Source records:
━━━
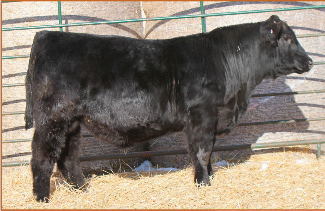
LOT 29 • TT JACK FLASH 723J

SC Pays the Price is the sire of the group of embryos we purchased. We were 3 for 3 on the embryos and all bulls. Lucky for you, these are a great set of sons that will sire some great calves.
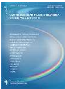
Desalination and Water Treatment Science and Engineering Publisher: Desalination Publications
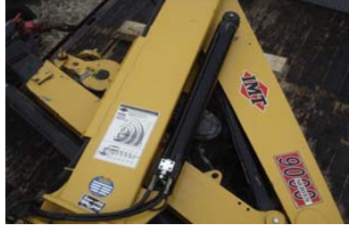
0437 - IMT 9000 series Knuckle boom Crane 3050# @ 25' 11" Reach, 2-hyd & winch $3500.00
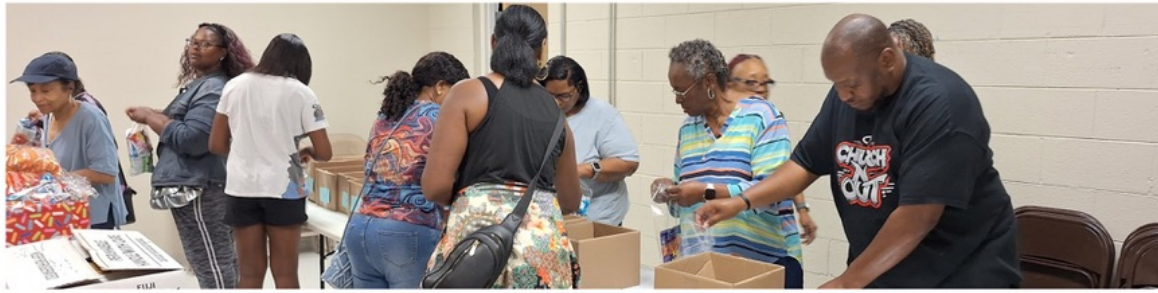
Packing goodie bags for the children
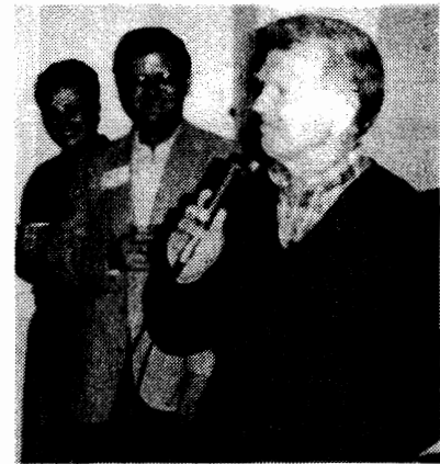
Governor George Nigh
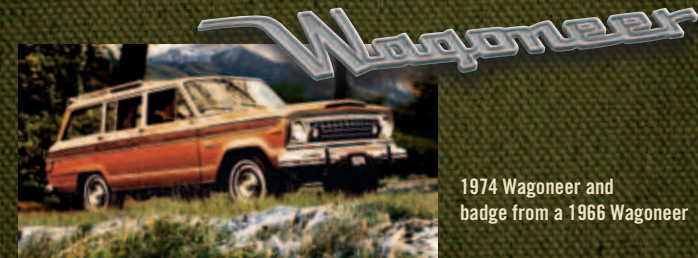
1974 Wagoneer and badge from a 1966 Wagoneer
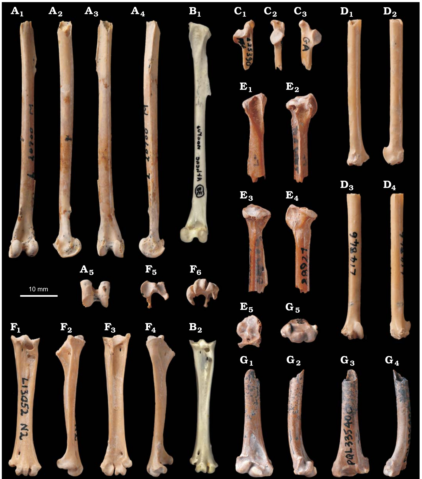
Fig. 2. Strigid owl Athene inexpectata sp. nov. from the early Pliocene, Upper Varswater Formation at Langebaanweg, South Africa; paratypes (A, C–E, G), holotype (F) and Athene noctua , Recent (B). A. Left tibiotarsus (SAM-PQ-L20700 M), in cranial (A 1 ), lateral (A 2 ), caudal (A 3 ), medial (A 4 ), and distal (A 5 ) views. B. Reversed right tibiotarsus (MGPT-MPOC 38), in cranial view (B 1 ), left tarsometatarsus in dorsal view (B 2 ). C. Left scapula (SAM-PQ-L25390 GA), in medial (C 1 ), cranial (C 2 ) and lateral (C 3 ) views. D. Right ulna (SAM-PQ-L14846), in dorsal (D 1 ), caudal (D 2 ), ventral (D 3 ) and cranial (D 4 ) views. E. Right tibiotarsus (SAM-PQ-L28927), in cranial (E 1 ), lateral (E 2 ), caudal (E 3 ), medial (E 4 ), and proximal (E 5 ) views. F. Right tarsometatarsus (SAM-PQ-L13052 N2), in dorsal (F 1 ), lateral (F 2 ), plantar (F 3 ), medial (F 4 ), proximal (F 5 ), and distal (F 6 ) views. G. Right humerus (SAM-PQ-L33540 C), in cranial (G 1 ), dorsal (G 2 ), caudal (G 3 ), ventral (G 4 ), and distal (G 5 ) views.
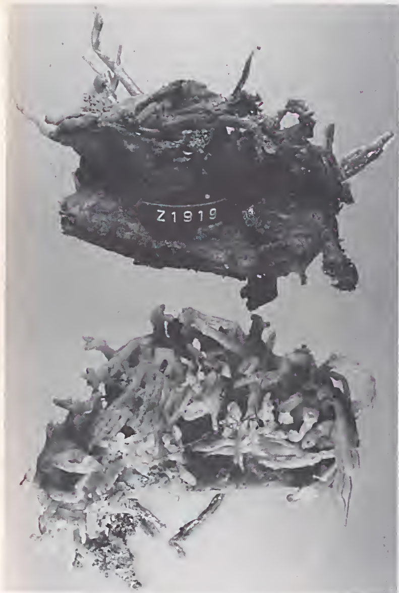
Fig. 3— Biminia macrotoxa sp. nov. Paratype NTMZ1919 130×150 mm. Specimen cut in half. Upper portion shows under-surface; lower portion shows fistules on upper-surface.

multispicular tracts, 70-110 \mu\text{m} wide, consisting of 5-10 spicules abreast. Many multispicular tracts terminate at surface, with ultimate spicules projecting through ectosome. These are crossed by uni- or pauci-spicular tracts, 10-40 \mu\text{m} in width, or other non-ascending multispicular tracts, sometimes forming rectangular meshes, but mostly irregular and confused. Spicule tracts are thickest and most densely packed on inner surface of fistule walls, 80-150 \mu\text{m} thick, with up to 15 spicules abreast. Choanosomal spongin is mainly only visible around multispicular tracts, but patches of light spongin occur haphazardly throughout choanosome.
━━━
Pictures stay out. Print the lines of the records above exactly, from the first through the one with "Packing goodie bags for the children".

LOT 29 • TT JACK FLASH 723J

SC Pays the Price is the sire of the group of embryos we purchased. We were 3 for 3 on the embryos and all bulls. Lucky for you, these are a great set of sons that will sire some great calves.
Desalination and Water Treatment Science and Engineering Publisher: Desalination Publications
0437 - IMT 9000 series Knuckle boom Crane 3050# @ 25' 11" Reach, 2-hyd & winch $3500.00
Packing goodie bags for the children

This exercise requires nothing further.